Я попросила хирургические перчатки. Кто-то мне предложил пластиковые, потолще. Сами понимаете — СПИД. Я отказалась. Во-первых, в них руки потеют. Во-вторых, ощупывая тело, я в них ни хрена не почувствую. В-третьих, имея три вампирские метки, я теперь любой СПИД в гробу видала. Как мне было сказано, любые болезни крови мне теперь не страшны. В этом вопросе я доверяла Жан-Клоду, потому что он не хотел бы меня терять. Я была членом его триумвирата, и ему никак не надо было подвергать меня риску. «Он любит тебя», — шепнул голос у меня где-то на заднем плане сознания. А голос с переднего плана того же сознания хмыкнул: «Ага, как же».
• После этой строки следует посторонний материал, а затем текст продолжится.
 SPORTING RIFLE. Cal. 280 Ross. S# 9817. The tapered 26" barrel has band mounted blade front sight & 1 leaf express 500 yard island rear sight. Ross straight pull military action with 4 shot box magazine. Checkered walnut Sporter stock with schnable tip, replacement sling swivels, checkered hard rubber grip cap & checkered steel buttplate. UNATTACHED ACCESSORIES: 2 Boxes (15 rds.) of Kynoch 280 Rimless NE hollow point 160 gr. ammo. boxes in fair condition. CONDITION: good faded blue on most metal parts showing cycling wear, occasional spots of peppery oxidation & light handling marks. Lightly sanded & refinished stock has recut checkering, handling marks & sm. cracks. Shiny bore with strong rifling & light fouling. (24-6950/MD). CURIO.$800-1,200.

— Я могу исследовать контуры пятна крови? — спросила я.
— К телу вы не сможете подойти, не встав в кровь, — ответил Хендерсон.
Я кивнула:
— Верно. Так вы его засняли на видео, и фотографии все сделали?
— Мы знаем свою работу, миз Блейк.
— Я и не сомневалась, капитан. Мне только нужно знать, могу ли я двигать тело, вот и все. Не хочу портить следы.
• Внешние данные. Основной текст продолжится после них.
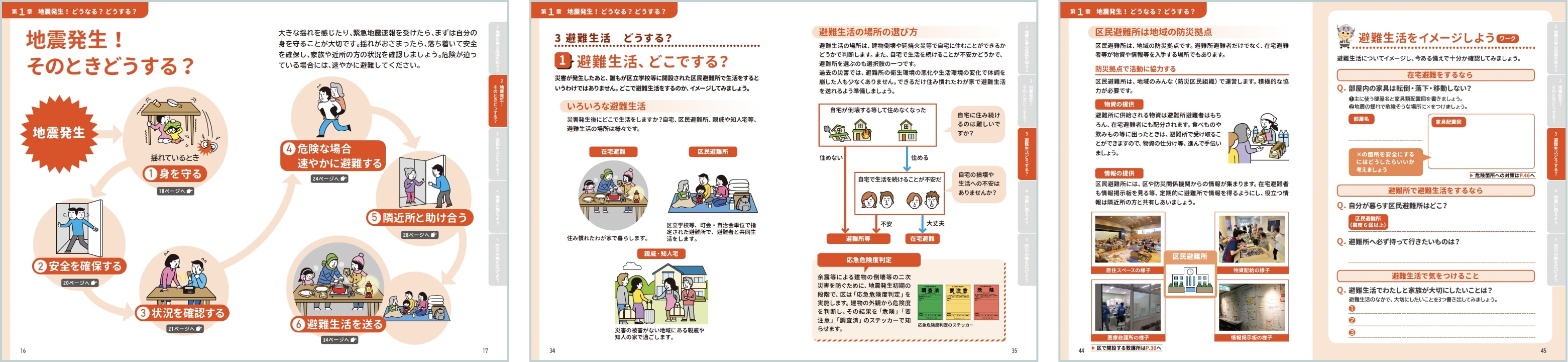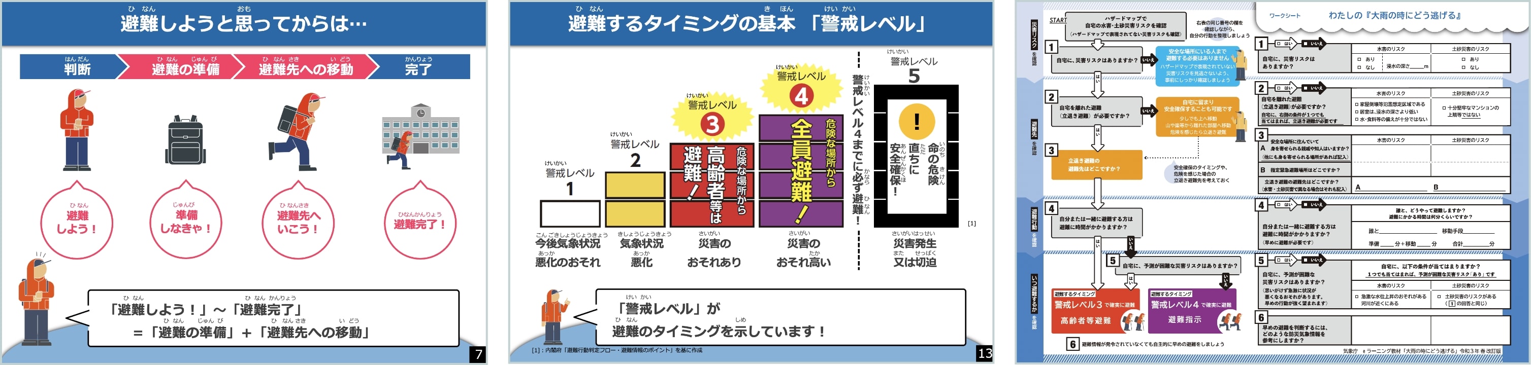 教材は、台風・豪雨時に必要な行動や基礎知識を、動画とワークシートを通じて段階的に学べる構成。個人学習だけでなく、自治会や学校などでのグループワークにも対応しており、ワークシートを活用した意見交換を通じて、避難行動の見直しや理解の深化を促すことができます。

— Когда вы с ним закончите, мы его упакуем.
— О'кей, — кивнула я.
Глядя на тело, я вдруг смогла его увидеть. Увидеть все сразу. И прижала руки к животу, чтобы не закрыть ими глаза.
Нос был откушен начисто, осталась лишь кровавая дыра. Губы оторваны, из засыхающей крови выпирали зубы и кости челюстей. На обращенной ко мне стороне лица жевательные мышцы отсутствовали. Тварь, которая эта сделала, не подкреплялась на скорую руку. Она сидела здесь и пировала.
Столько укусов, столько вырванной плоти, но все они слишком мелки для смертельных. Я быстренько помолилась про себя, чтобы эти укусы оказались посмертными. Но, молясь, знала ответ. Слишком много крови — она почти все это время была жива. Внутренности вывалились из разорванных джинсов и застыли клубком, покрытые кровью и чем-то погуще. Запах вспоротых кишок уже должен был бы выветриться, но вместо этого запаха всегда появляется другой. Тело начало быстро разлагаться на летней жаре. Такой запах почти не поддается описанию — сладковатый и горький, такой, что зажимаешь рукой рот. Стараясь не делать глубоких вдохов, я вступила на высохшее пятно.
Что-то пронеслось сквозь меня фантомным ударом. Волосы на шее попытались сползти на спину. Сейчас мне шептала та часть мозга, что полностью чужда автомобилям и водопроводам, но вся посвящена воплю и бегу без мысли. И она шептала, что здесь что-то не так. Что-то злое здесь было. Не просто опасное, но злое.